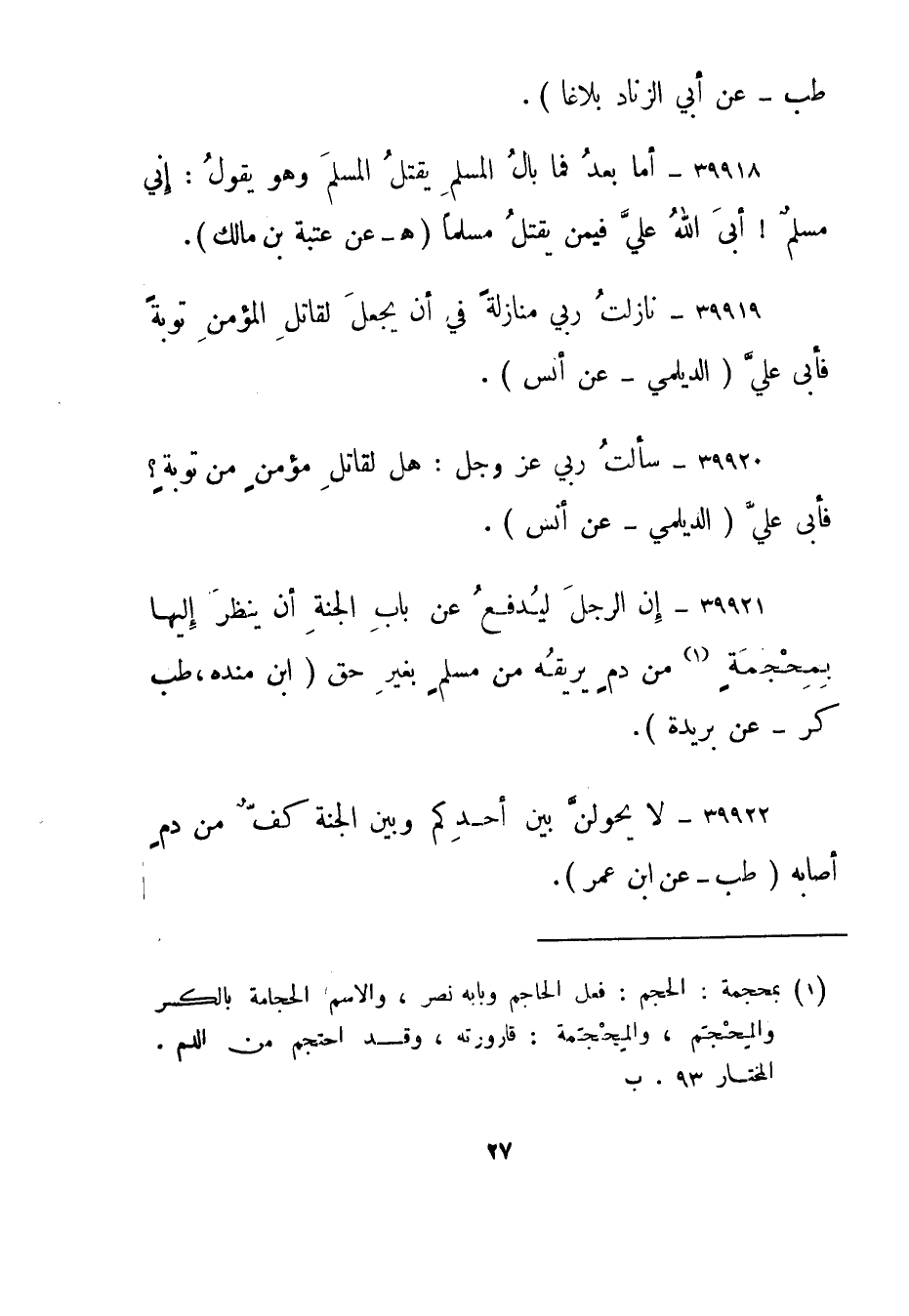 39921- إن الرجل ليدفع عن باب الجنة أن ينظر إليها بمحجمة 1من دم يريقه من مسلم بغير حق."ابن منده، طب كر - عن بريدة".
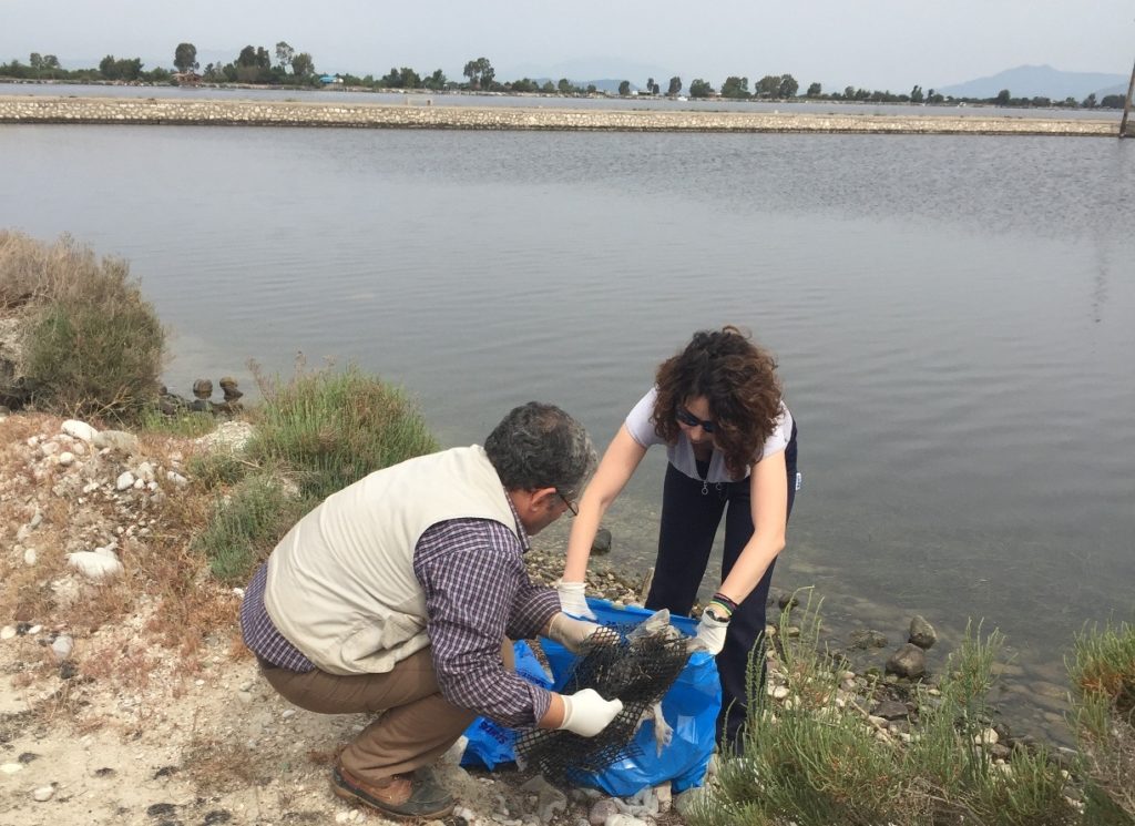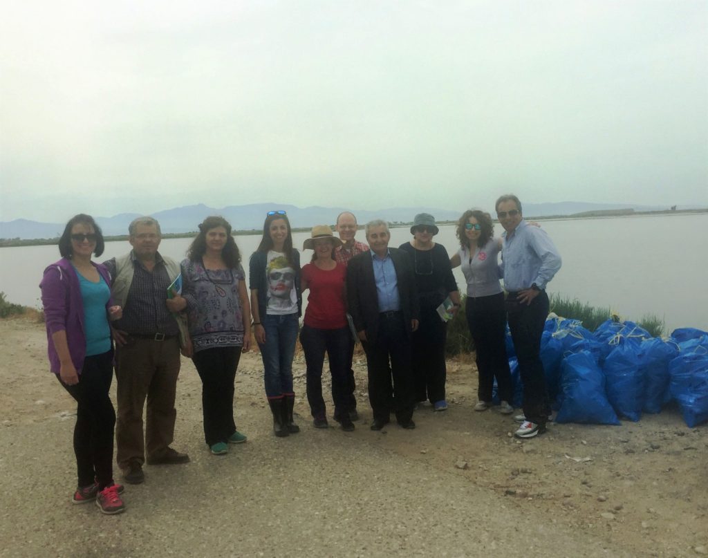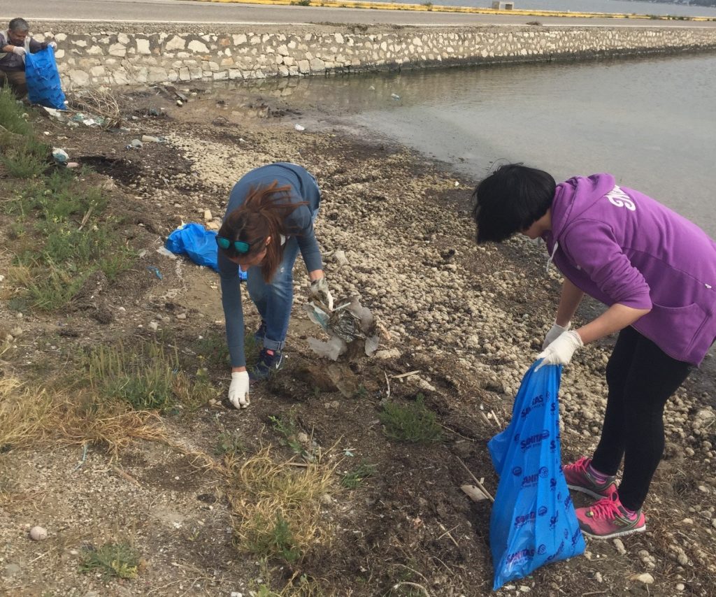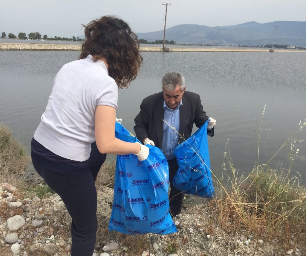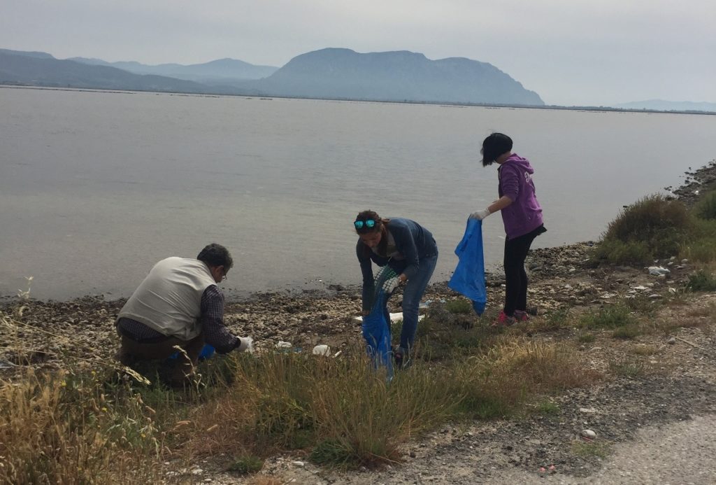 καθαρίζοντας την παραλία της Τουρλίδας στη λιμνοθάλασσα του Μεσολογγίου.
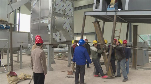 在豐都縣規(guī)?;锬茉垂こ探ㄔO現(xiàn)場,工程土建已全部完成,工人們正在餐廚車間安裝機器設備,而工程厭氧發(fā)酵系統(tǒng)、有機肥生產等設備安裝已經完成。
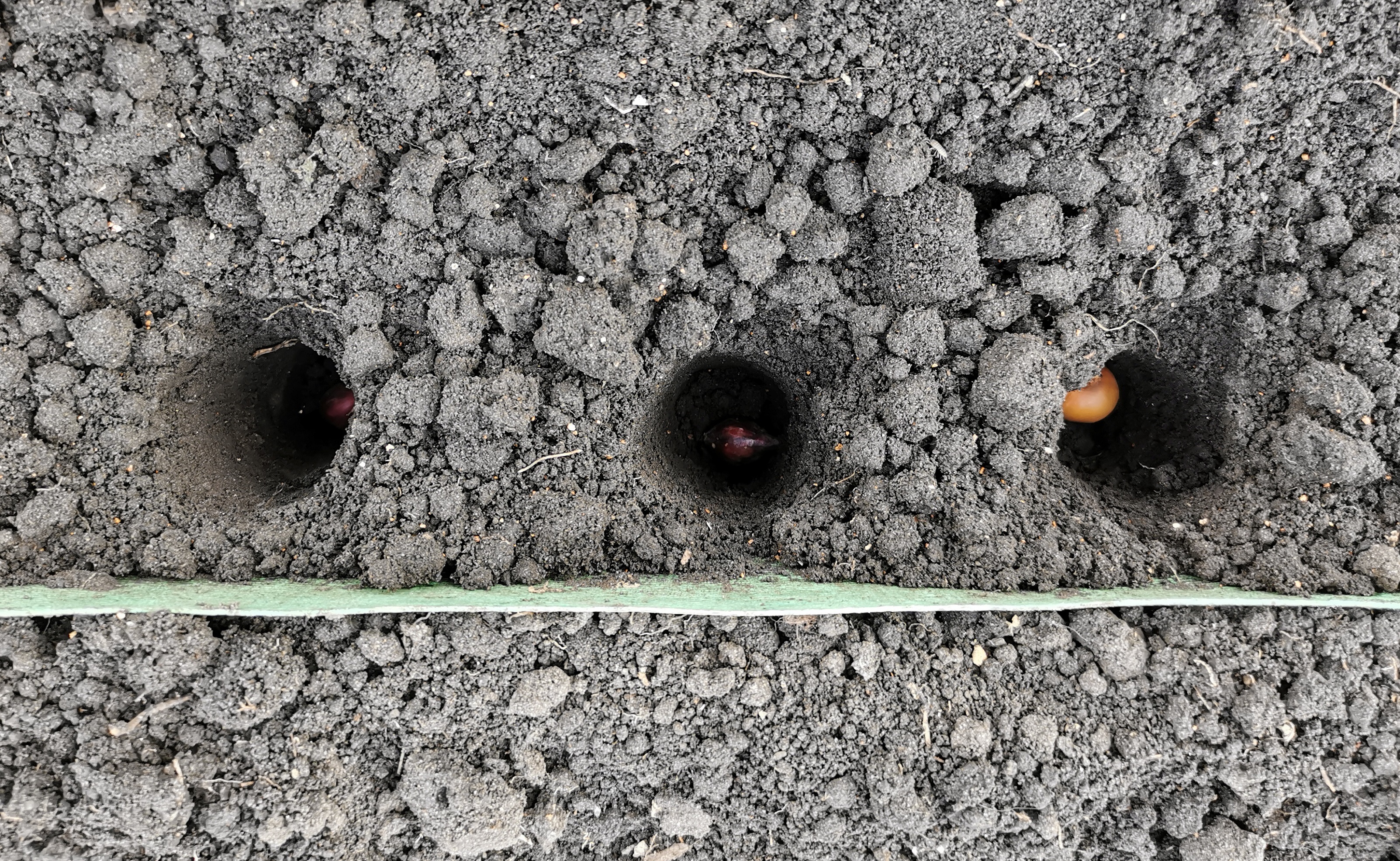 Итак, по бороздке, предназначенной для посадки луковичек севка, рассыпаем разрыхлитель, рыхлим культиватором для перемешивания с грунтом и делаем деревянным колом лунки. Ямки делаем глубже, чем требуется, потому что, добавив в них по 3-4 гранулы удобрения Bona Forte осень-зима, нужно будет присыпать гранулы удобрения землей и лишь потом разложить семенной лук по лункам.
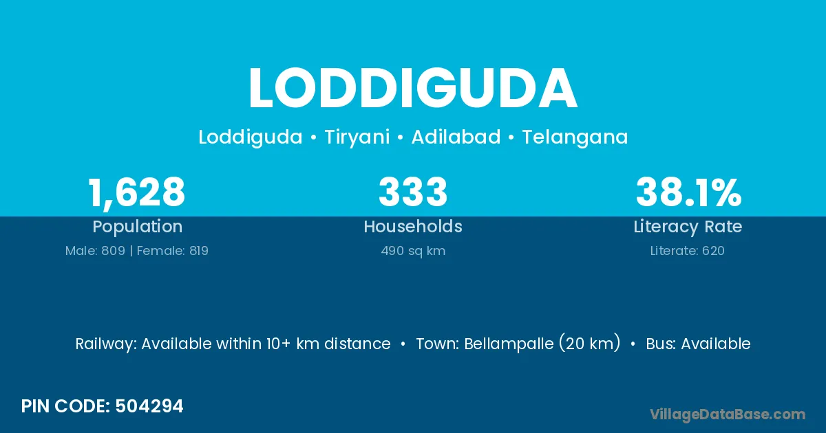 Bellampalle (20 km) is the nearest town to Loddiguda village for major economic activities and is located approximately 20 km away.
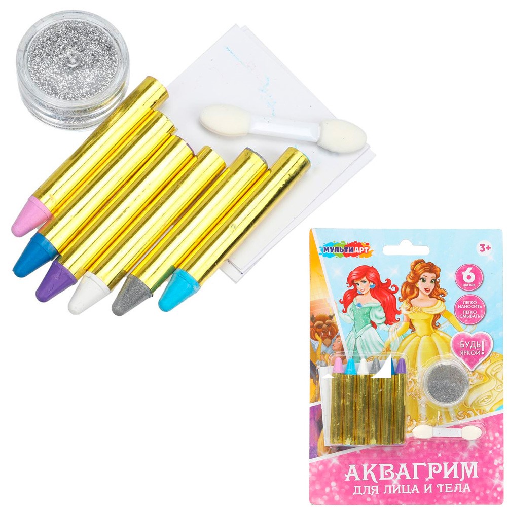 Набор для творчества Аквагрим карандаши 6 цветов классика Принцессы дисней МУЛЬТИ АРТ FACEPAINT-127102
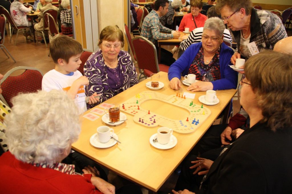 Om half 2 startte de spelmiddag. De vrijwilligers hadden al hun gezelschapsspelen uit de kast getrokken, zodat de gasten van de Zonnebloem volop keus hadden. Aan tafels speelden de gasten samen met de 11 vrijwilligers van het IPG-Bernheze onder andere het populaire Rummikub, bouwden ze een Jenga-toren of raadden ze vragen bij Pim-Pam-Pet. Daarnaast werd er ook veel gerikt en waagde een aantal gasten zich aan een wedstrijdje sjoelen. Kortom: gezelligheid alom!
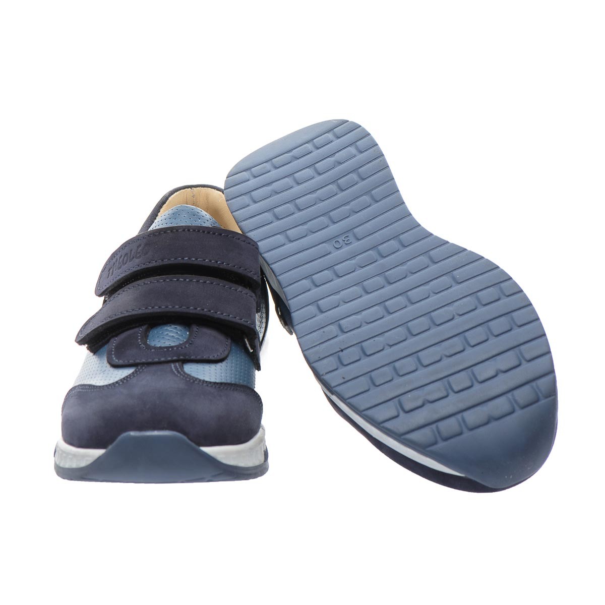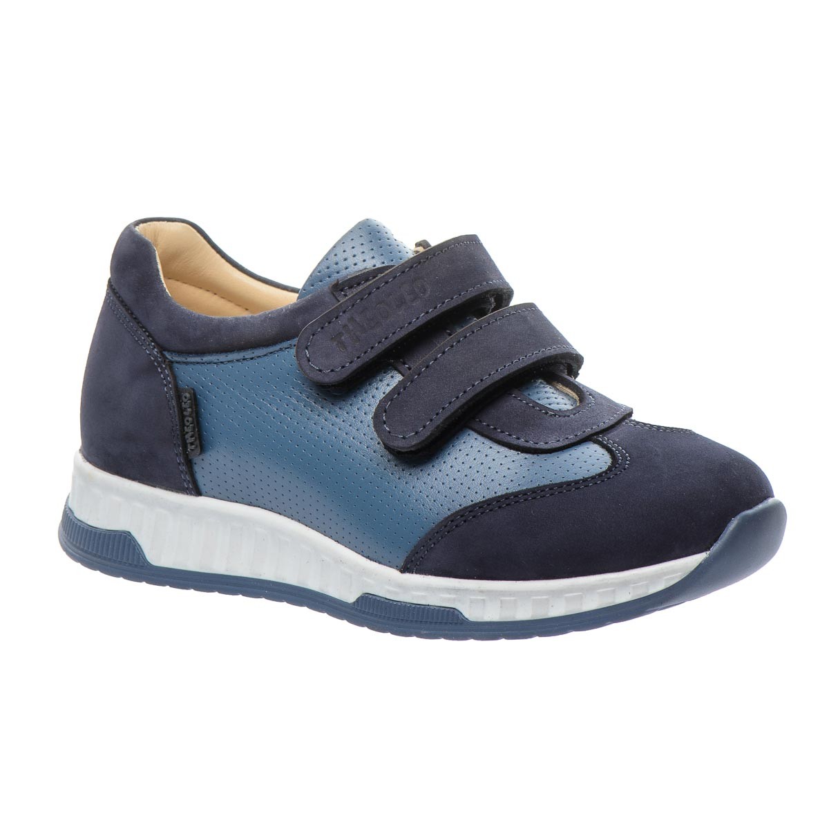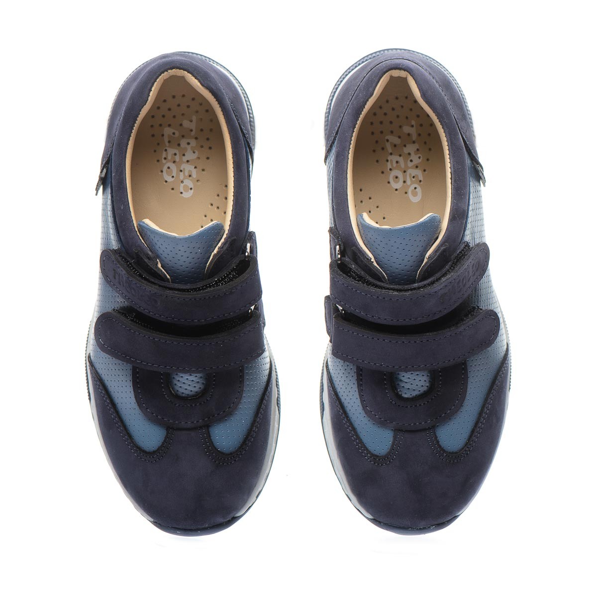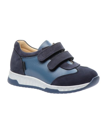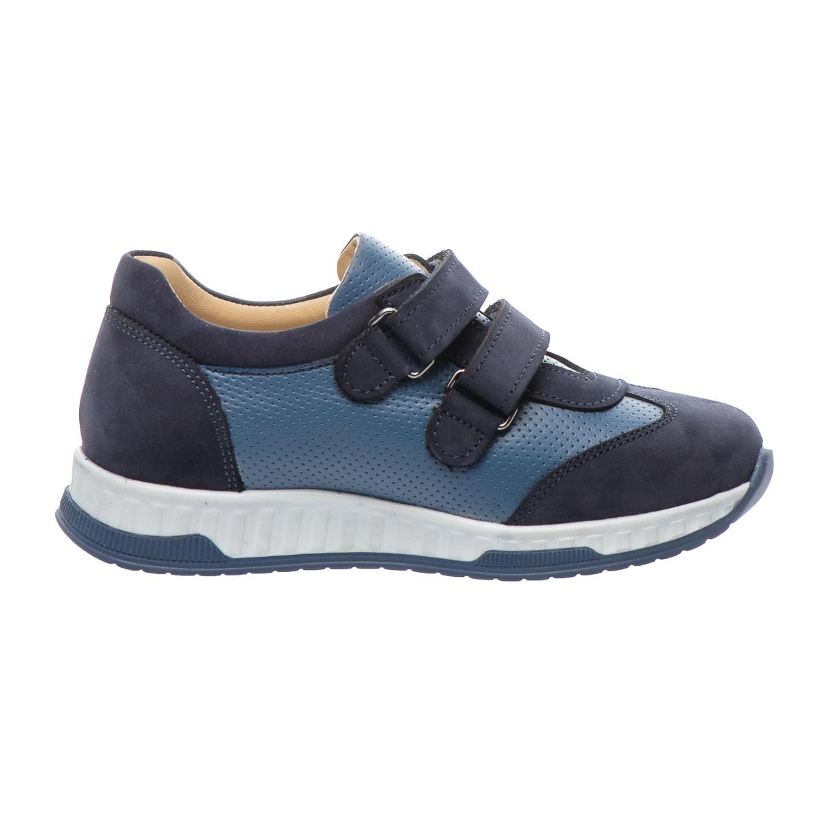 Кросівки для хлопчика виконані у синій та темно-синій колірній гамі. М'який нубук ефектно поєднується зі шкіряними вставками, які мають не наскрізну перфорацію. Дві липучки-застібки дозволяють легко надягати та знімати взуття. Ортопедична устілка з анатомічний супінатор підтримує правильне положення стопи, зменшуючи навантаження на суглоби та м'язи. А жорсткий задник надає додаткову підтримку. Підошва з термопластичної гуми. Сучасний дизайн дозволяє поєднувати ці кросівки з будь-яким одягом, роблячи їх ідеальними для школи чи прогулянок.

+===+

GOAL OF THE EXERCISE – The answer is the full listing above, reproduced character for character, minus its images.

ANSWER BELOW –
 39921- إن الرجل ليدفع عن باب الجنة أن ينظر إليها بمحجمة 1من دم يريقه من مسلم بغير حق."ابن منده، طب كر - عن بريدة".
 καθαρίζοντας την παραλία της Τουρλίδας στη λιμνοθάλασσα του Μεσολογγίου.
 在豐都縣規(guī)?;锬茉垂こ探ㄔO現(xiàn)場,工程土建已全部完成,工人們正在餐廚車間安裝機器設備,而工程厭氧發(fā)酵系統(tǒng)、有機肥生產等設備安裝已經完成。
 Итак, по бороздке, предназначенной для посадки луковичек севка, рассыпаем разрыхлитель, рыхлим культиватором для перемешивания с грунтом и делаем деревянным колом лунки. Ямки делаем глубже, чем требуется, потому что, добавив в них по 3-4 гранулы удобрения Bona Forte осень-зима, нужно будет присыпать гранулы удобрения землей и лишь потом разложить семенной лук по лункам.
 Bellampalle (20 km) is the nearest town to Loddiguda village for major economic activities and is located approximately 20 km away.
 Набор для творчества Аквагрим карандаши 6 цветов классика Принцессы дисней МУЛЬТИ АРТ FACEPAINT-127102
 Om half 2 startte de spelmiddag. De vrijwilligers hadden al hun gezelschapsspelen uit de kast getrokken, zodat de gasten van de Zonnebloem volop keus hadden. Aan tafels speelden de gasten samen met de 11 vrijwilligers van het IPG-Bernheze onder andere het populaire Rummikub, bouwden ze een Jenga-toren of raadden ze vragen bij Pim-Pam-Pet. Daarnaast werd er ook veel gerikt en waagde een aantal gasten zich aan een wedstrijdje sjoelen. Kortom: gezelligheid alom!
 Кросівки для хлопчика виконані у синій та темно-синій колірній гамі. М'який нубук ефектно поєднується зі шкіряними вставками, які мають не наскрізну перфорацію. Дві липучки-застібки дозволяють легко надягати та знімати взуття. Ортопедична устілка з анатомічний супінатор підтримує правильне положення стопи, зменшуючи навантаження на суглоби та м'язи. А жорсткий задник надає додаткову підтримку. Підошва з термопластичної гуми. Сучасний дизайн дозволяє поєднувати ці кросівки з будь-яким одягом, роблячи їх ідеальними для школи чи прогулянок.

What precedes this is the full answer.